When doing Arch system updates the /etc/fwupd/uefi.conf
file can get overwritten which means fwupdmgr
seems to work
but no firmware actually gets upgraded on reboot. You must make the edit described in
this article at the bottom of the page. This is what the line should look
like:
# For fwupdate 10+ allow overriding
# the compiled EFI system partition path
OverrideESPMountPoint=/boot
Currently my dotfiles
repo has a Git config that uses the built-in store
helper, which stores credentials on the
filesystem unencrypted. I use FDE so they're still encrypted before they hit the disk, but other user-land processes
running under my account can read them. That's not ideal.
Long story short I tried to find a good solution here that works for headless and headed systems and it seems
impossible. So instead I use Git certificate auth from a Yubikey. There's a page in the vimwiki
about how to set
this up. The dotfiles are already configured for it.

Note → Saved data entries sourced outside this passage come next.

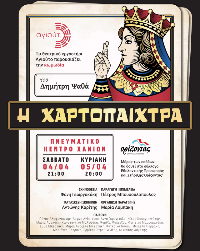 Το Θεατρικό Εργαστήρι Αγιούτο, του Πέτρου Μπουσουλόπουλου παρουσιάζει τη «Χαρτοπαίχτρα» στην πόλη μας — μόνο για δύο μοναδικές παραστάσεις! Σάββατο 4 & Κυριακή 5 Απριλίου 2026 στο Πνευματικό Κέντρο Χανίων.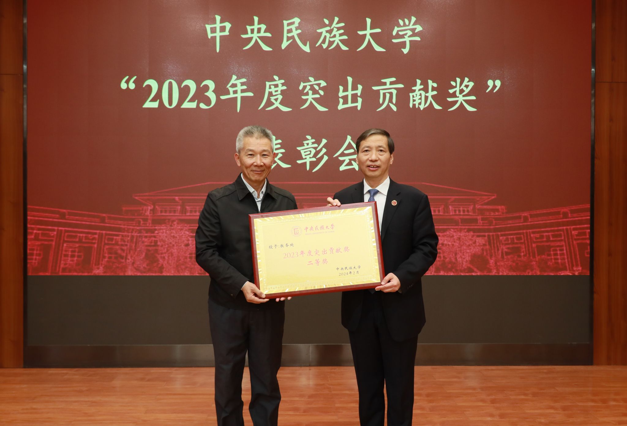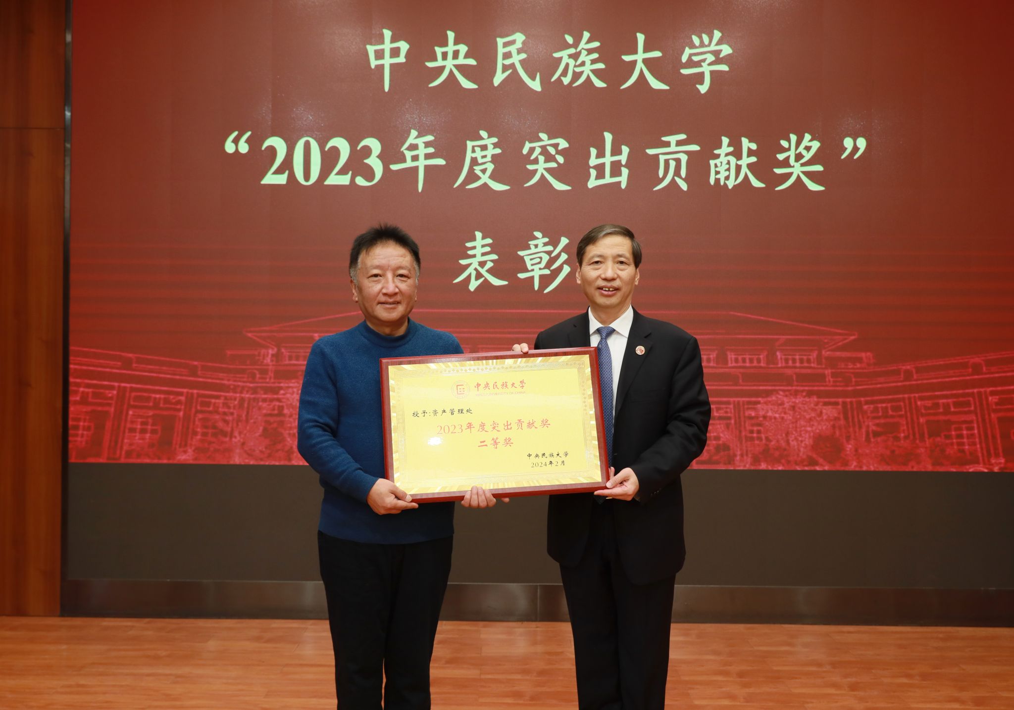 2023年,全校师生深入贯彻落实习近平新时代中国特色社会主义思想和党的二十大精神,坚持以铸牢中华民族共同体意识为主线,围绕“立德树人”根本任务,深化改革、开拓创新,有力推动了学校“双一流”建设,特别是在人才培养、民生工程等方面取得了突出成绩,为学校事业发展作出了重要贡献。校党委常委、副校长杨慕云宣读《威廉希尔中国官网关于授予教务处、资产管理处2个集体“2023年度突出贡献奖”的决定》,郭广生为获奖集体颁奖。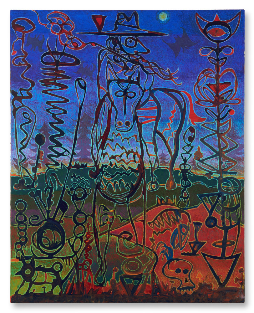 Elsewhere, Manford’s depictions of wanderers and nomads present lone riders on horseback on seemingly psychic wanderings through symbolic landscapes. In Blood Moon Wanderer, the rider holds a smoking pipe to his mouth, blazing through a lush land full of bizarre and unrecognizable fauna silhouetted against a radiant sunset sky full of pink, purple, and green. His surroundings are almost indistinguishable from his own body and that of his horse, who traverses the terrain with curled hooves and blood-red eyes. The hint of menace in these radiant worlds is further suggested in Psychic Wanderer with the inclusion of a skull and bats flying ominously against the full moon. In Manford’s own words, “The characters I depict can be devilish, and also sad, downtrodden wayfarers and Hobos that sort of embody a displaced, disenfranchised mind set; I think the imagination, which can be lost in adulthood, might actually be that 'place' from which (he) the wanderer is dislocated, and forever, perpetually trying to return to/ locate.”

In general, you should never use pip
or gem
to install system packages. Installing them as user packages into your
home directory is fine, but if you ever find yourself typing sudo pip...
or sudo gem...
, slap yourself on the wrist
and see if there's an Arch official or AUR package for what you're trying to install. In almost all cases, you don't
mean to install systemwide but for a specific user account or perhaps even a specific project. Always prefer that.